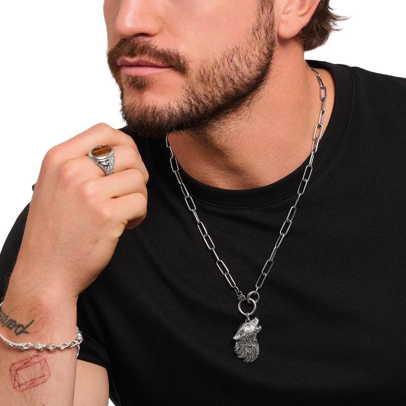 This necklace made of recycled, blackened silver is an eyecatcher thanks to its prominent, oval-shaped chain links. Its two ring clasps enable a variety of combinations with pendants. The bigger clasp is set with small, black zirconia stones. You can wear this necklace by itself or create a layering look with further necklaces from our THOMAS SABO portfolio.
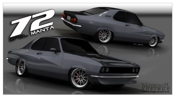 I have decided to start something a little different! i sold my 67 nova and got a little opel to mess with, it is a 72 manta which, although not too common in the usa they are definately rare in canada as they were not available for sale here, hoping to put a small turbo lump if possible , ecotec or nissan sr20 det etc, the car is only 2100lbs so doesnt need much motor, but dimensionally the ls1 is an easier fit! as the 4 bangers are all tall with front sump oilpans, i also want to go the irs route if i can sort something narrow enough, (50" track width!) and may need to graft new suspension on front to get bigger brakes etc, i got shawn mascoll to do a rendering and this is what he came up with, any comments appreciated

...

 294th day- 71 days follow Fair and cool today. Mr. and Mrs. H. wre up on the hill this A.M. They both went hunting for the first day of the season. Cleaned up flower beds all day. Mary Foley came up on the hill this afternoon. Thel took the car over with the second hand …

--

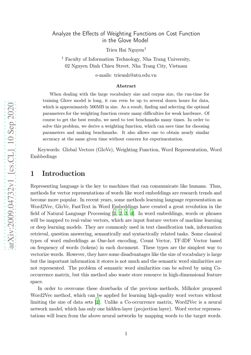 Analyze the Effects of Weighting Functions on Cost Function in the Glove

Task prompt
I'd like the lines above repeated exactly, from the one that contains "This necklace made" through the one that contains "I have decided", with no pictures.

Written answer
 This necklace made of recycled, blackened silver is an eyecatcher thanks to its prominent, oval-shaped chain links. Its two ring clasps enable a variety of combinations with pendants. The bigger clasp is set with small, black zirconia stones. You can wear this necklace by itself or create a layering look with further necklaces from our THOMAS SABO portfolio.
 I have decided to start something a little different! i sold my 67 nova and got a little opel to mess with, it is a 72 manta which, although not too common in the usa they are definately rare in canada as they were not available for sale here, hoping to put a small turbo lump if possible , ecotec or nissan sr20 det etc, the car is only 2100lbs so doesnt need much motor, but dimensionally the ls1 is an easier fit! as the 4 bangers are all tall with front sump oilpans, i also want to go the irs route if i can sort something narrow enough, (50" track width!) and may need to graft new suspension on front to get bigger brakes etc, i got shawn mascoll to do a rendering and this is what he came up with, any comments appreciated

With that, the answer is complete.